**Work to complete**: Your answer must be an exact copy of the records, minus any pictures.

**Records for the task**:
'''
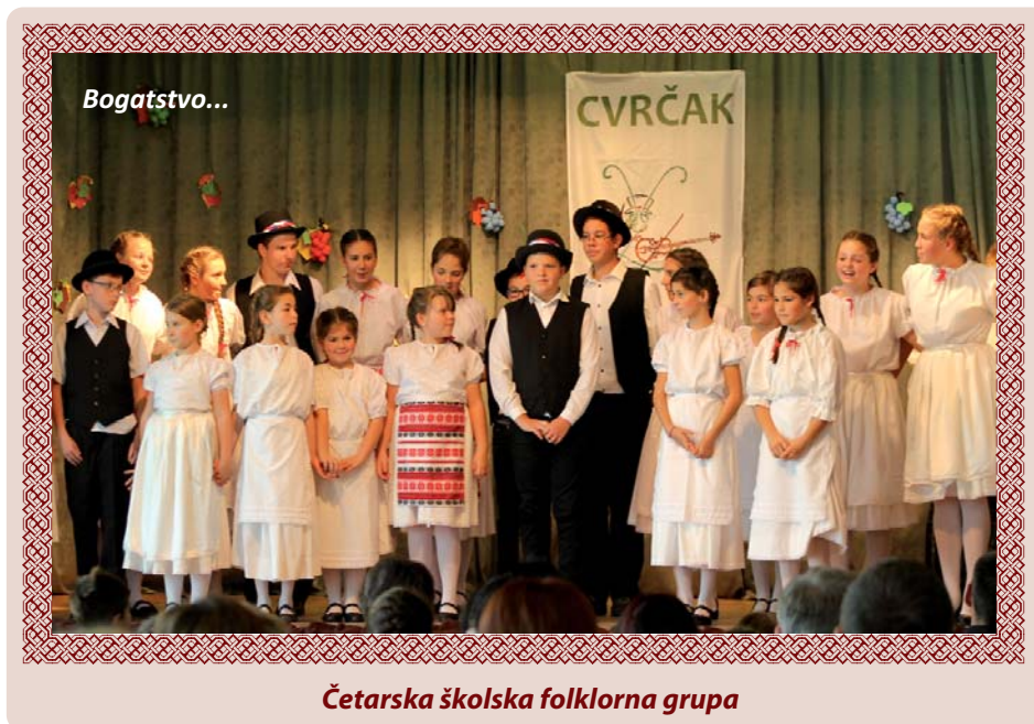
Četarska školska folklorna grupa
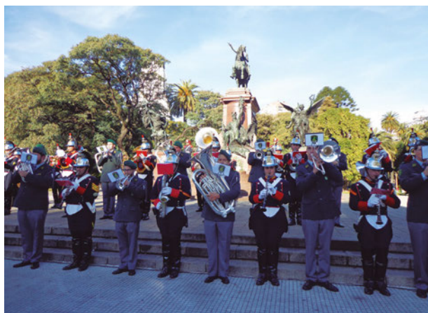
Bandas Militares de Suiza y Argentina unidas en la interpretación de un tango
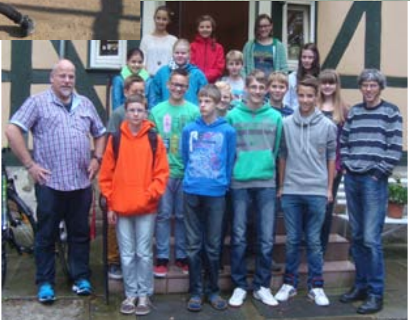
Oben: Hütteneinweihung, Mitte: Pfadfinder im Harz, Unten: Konfirmanden und Vorkonfirmanden
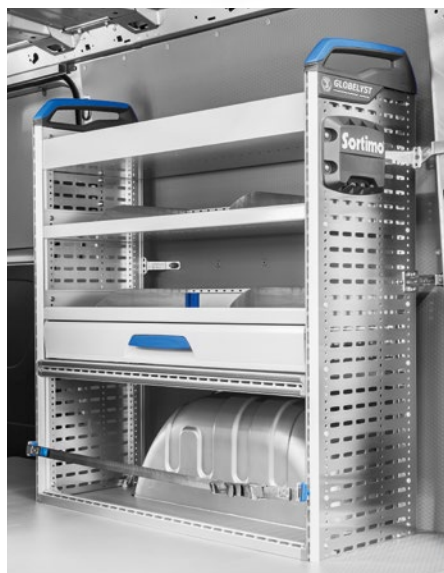
Einrichtungsblock auf der rechten Seite der Ladefläche.

Diese Einrichtung können Sie bei Ihrem Opel-Händler ganz einfach bestellen: Aktionscode: XBGR
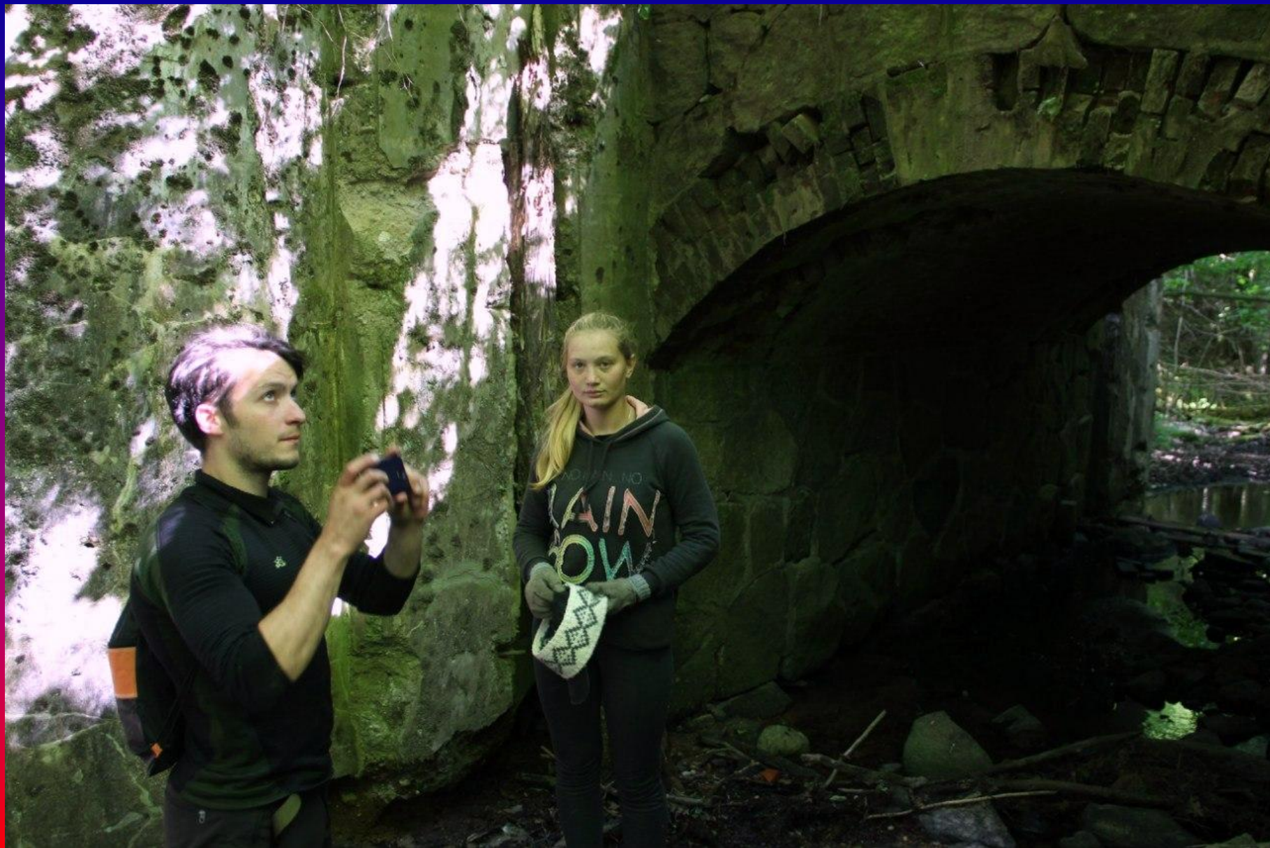
Под старинным мостом
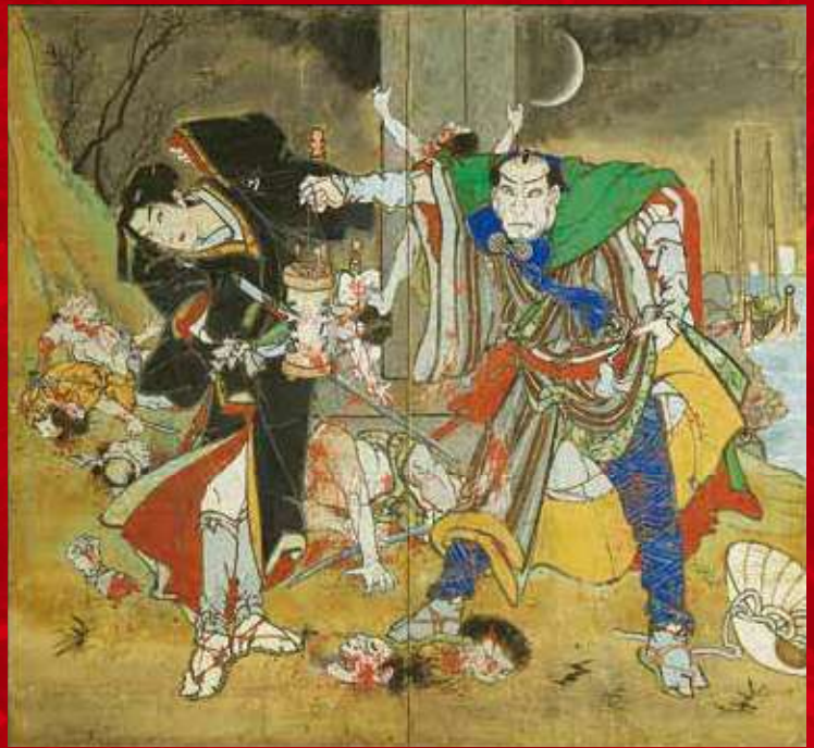
「浮世柄比翼稲妻 鈴ヶ森」 二曲一隻屏風・紙本彩色 香南市赤岡町本町一区
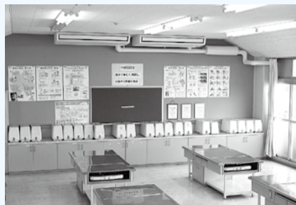
上依知小学校の家庭科室に設置された冷暖房設備

子どもたちが快適な学習環境の中で安心・安全に学校生活を送れるよう、今年度から、家庭科室や理科室などの特別教室に冷暖房設備の設置を進めています。取り付けは、2026年度に完了予定です。
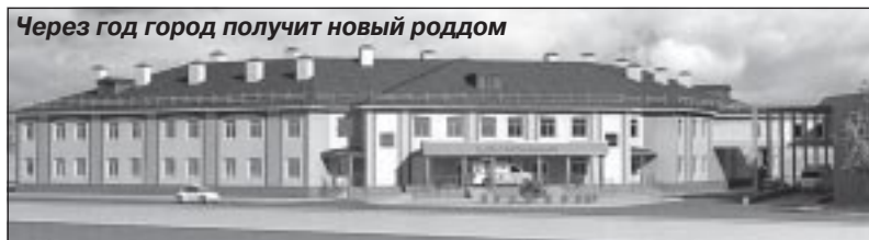
Через год город получит новый роддом
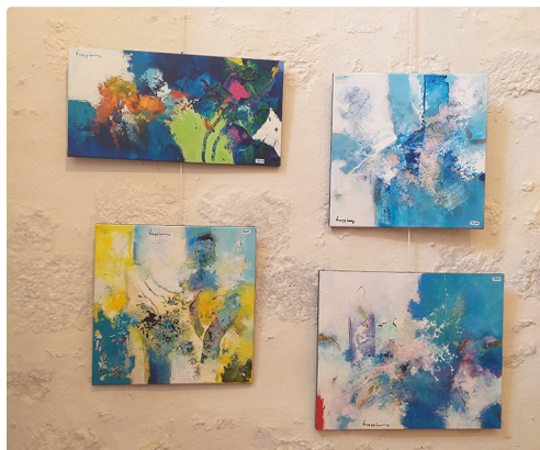
expo lecture 3.jpg
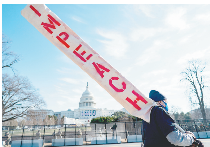
1月13日,在美国首都华盛顿,一名手持“弹劾”标语的男子从国会大厦前走过。

为保障总统就职典礼前后的安全,美国首都华盛顿警方13日宣布,部署到华盛顿的国民警卫队队员将超过2万人。
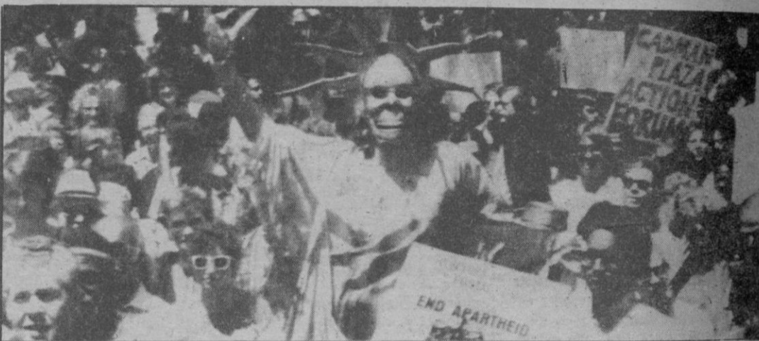
Miles de manifestantes protestaron en el Central Park de Nueva York por la situación que vive Suráfrica.

Después, el presunto agresor golpeó la cabeza del pequeño Antonio contra el muro que cierra el patio del colegio.
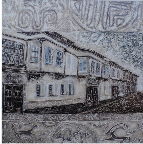
Resim 13: Fehmi Kolçak, “Beş Konaklar”, tarih, tuval üzerine karışık teknik, 120x120 cm
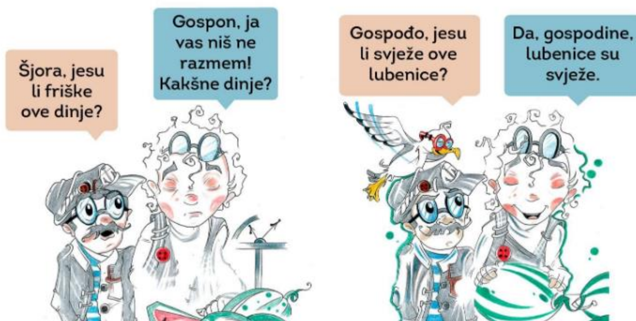
Slika 3. Crtež kao primjer lingvometodičkoga predložka u nastavi Hrvatskoga jezika

Crtež se može rabiti kao polazni, vježbeni i kao provjerbeni lingvometodički predložak. Kreativnost je u nastavi vrlo važna i nužna.
'''
**Task solution**:
Četarska školska folklorna grupa
Bandas Militares de Suiza y Argentina unidas en la interpretación de un tango
Oben: Hütteneinweihung, Mitte: Pfadfinder im Harz, Unten: Konfirmanden und Vorkonfirmanden
Einrichtungsblock auf der rechten Seite der Ladefläche.

Diese Einrichtung können Sie bei Ihrem Opel-Händler ganz einfach bestellen: Aktionscode: XBGR
Под старинным мостом
「浮世柄比翼稲妻 鈴ヶ森」 二曲一隻屏風・紙本彩色 香南市赤岡町本町一区
上依知小学校の家庭科室に設置された冷暖房設備

子どもたちが快適な学習環境の中で安心・安全に学校生活を送れるよう、今年度から、家庭科室や理科室などの特別教室に冷暖房設備の設置を進めています。取り付けは、2026年度に完了予定です。
Через год город получит новый роддом
expo lecture 3.jpg
1月13日,在美国首都华盛顿,一名手持“弹劾”标语的男子从国会大厦前走过。

为保障总统就职典礼前后的安全,美国首都华盛顿警方13日宣布,部署到华盛顿的国民警卫队队员将超过2万人。
Miles de manifestantes protestaron en el Central Park de Nueva York por la situación que vive Suráfrica.

Después, el presunto agresor golpeó la cabeza del pequeño Antonio contra el muro que cierra el patio del colegio.
Resim 13: Fehmi Kolçak, “Beş Konaklar”, tarih, tuval üzerine karışık teknik, 120x120 cm
Slika 3. Crtež kao primjer lingvometodičkoga predložka u nastavi Hrvatskoga jezika

Crtež se može rabiti kao polazni, vježbeni i kao provjerbeni lingvometodički predložak. Kreativnost je u nastavi vrlo važna i nužna.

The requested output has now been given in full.